The COG database: a tool for genome-scale analysis of protein functions and evolution. [PMID: 10592175]
Rational classification of proteins encoded in sequenced genomes is critical for making the genome sequences maximally useful for functional and evolutionary studies. The database of Clusters of Orthologous Groups of proteins (COGs) is an attempt on a phylogenetic classification of the proteins encoded in 21 complete genomes of bacteria, archaea and eukaryotes (http://www. ncbi.nlm. nih.gov/COG). The COGs were constructed by applying the criterion of consistency of genome-specific best hits to the results of an exhaustive comparison of all protein sequences from these genomes. The database comprises 2091 COGs that include 56-83% of the gene products from each of the complete bacterial and archaeal genomes and approximately 35% of those from the yeast Saccharomyces cerevisiae genome. The COG database is accompanied by the COGNITOR program that is used to fit new proteins into the COGs and can be applied to functional and phylogenetic annotation of newly sequenced genomes.
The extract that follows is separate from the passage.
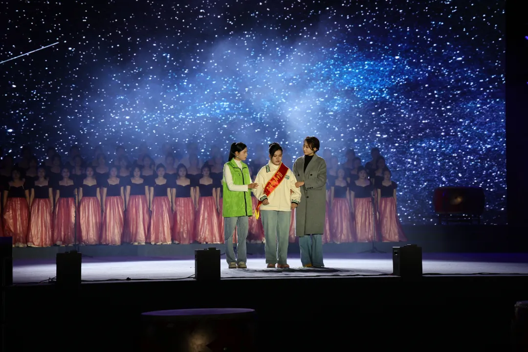 康养系的歌伴舞《书写未来的青春》,舞蹈社的《少女时代》,以及由本届校园十佳歌手联袂献唱的歌曲串烧《童梦拾光·青春回响》,用歌声与舞步串联起从童年到青春的珍贵记忆,描绘了一幅充满无限可能的青春画卷,引发全场共鸣。
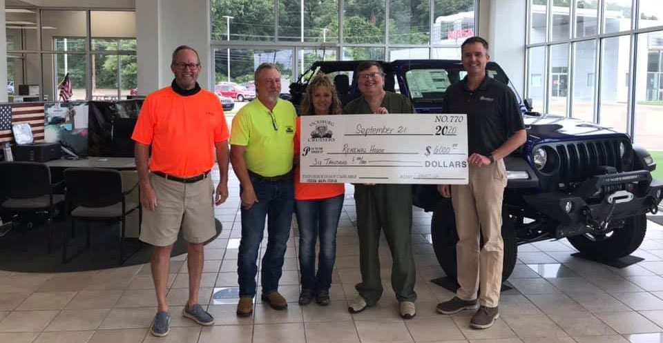 The Vicksburg Cruisers Car Club presented Dr.Dan Edney, President of the Board for Renewal House, with a check for $6,000 Monday, Sept. 21, from their annual car show, which was held July 18 at Blackburn Motor Company.

A genomic perspective on protein families. [PMID: 9381173]
In order to extract the maximum amount of information from the rapidly accumulating genome sequences, all conserved genes need to be classified according to their homologous relationships. Comparison of proteins encoded in seven complete genomes from five major phylogenetic lineages and elucidation of consistent patterns of sequence similarities allowed the delineation of 720 clusters of orthologous groups (COGs). Each COG consists of individual orthologous proteins or orthologous sets of paralogs from at least three lineages. Orthologs typically have the same function, allowing transfer of functional information from one member to an entire COG. This relation automatically yields a number of functional predictions for poorly characterized genomes. The COGs comprise a framework for functional and evolutionary genome analysis.